*** Block opens ***

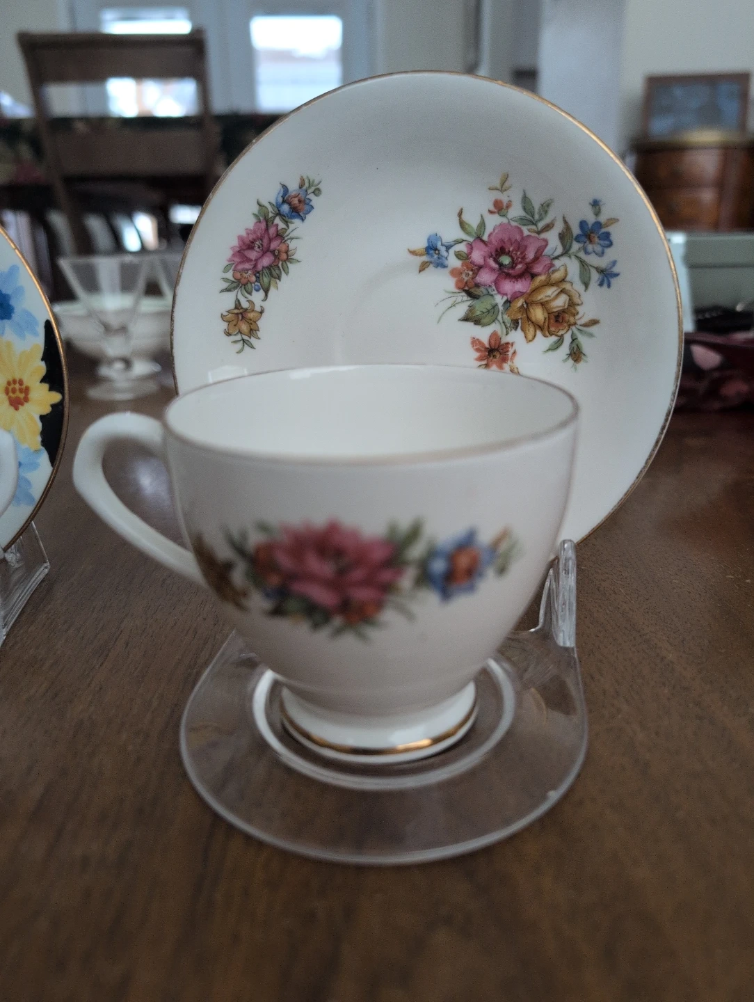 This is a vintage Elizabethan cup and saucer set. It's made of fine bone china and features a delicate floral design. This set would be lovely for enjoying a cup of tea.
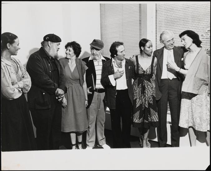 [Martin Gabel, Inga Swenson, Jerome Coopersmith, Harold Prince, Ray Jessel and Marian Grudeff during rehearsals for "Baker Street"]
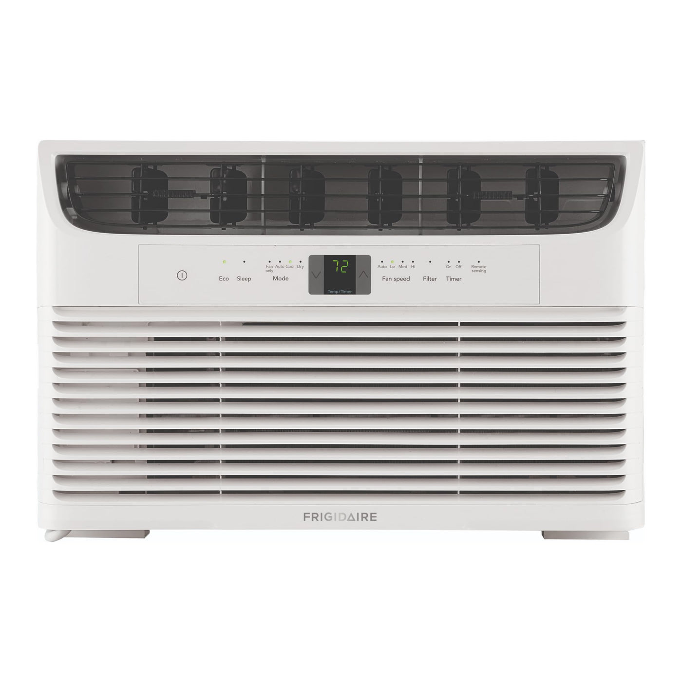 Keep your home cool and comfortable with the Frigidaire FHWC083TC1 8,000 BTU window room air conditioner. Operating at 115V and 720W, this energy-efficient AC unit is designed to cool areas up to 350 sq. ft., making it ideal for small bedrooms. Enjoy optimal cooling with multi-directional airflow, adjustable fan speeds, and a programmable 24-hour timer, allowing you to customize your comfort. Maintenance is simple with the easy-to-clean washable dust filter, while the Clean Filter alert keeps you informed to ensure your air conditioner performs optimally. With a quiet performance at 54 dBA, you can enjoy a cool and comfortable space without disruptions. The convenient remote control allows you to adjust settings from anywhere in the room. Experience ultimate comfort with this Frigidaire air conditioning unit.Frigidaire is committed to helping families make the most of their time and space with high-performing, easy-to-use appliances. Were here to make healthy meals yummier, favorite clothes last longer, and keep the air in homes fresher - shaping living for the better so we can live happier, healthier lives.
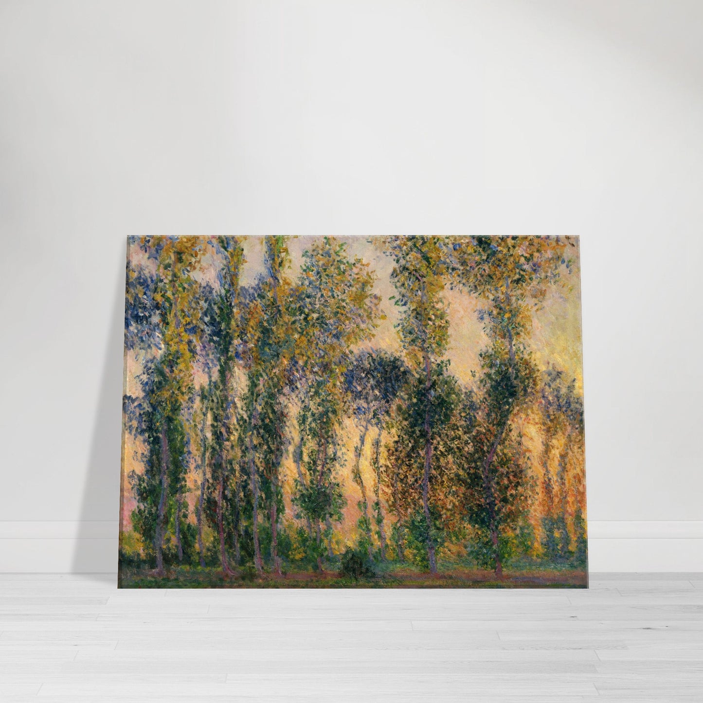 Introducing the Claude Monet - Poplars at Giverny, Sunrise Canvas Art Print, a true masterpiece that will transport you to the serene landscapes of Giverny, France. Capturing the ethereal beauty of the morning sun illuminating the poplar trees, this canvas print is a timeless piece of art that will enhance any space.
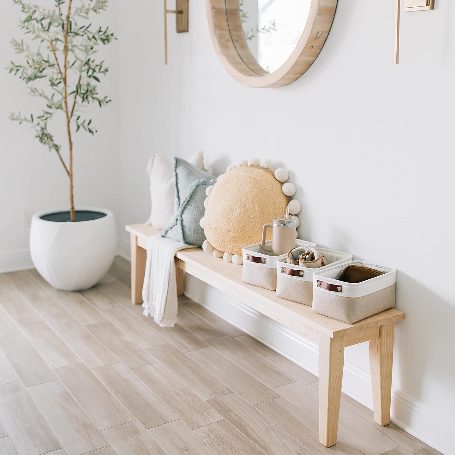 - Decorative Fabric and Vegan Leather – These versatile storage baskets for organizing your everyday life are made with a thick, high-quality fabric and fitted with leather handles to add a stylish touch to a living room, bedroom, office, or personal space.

*** Block closes ***

■ **Work required**
Retyping should start at the first line of the data above and stop after the line with "[Martin Gabel, Inga", and no picture should be included.

■ **Output for this exercise**
 This is a vintage Elizabethan cup and saucer set. It's made of fine bone china and features a delicate floral design. This set would be lovely for enjoying a cup of tea.
 [Martin Gabel, Inga Swenson, Jerome Coopersmith, Harold Prince, Ray Jessel and Marian Grudeff during rehearsals for "Baker Street"]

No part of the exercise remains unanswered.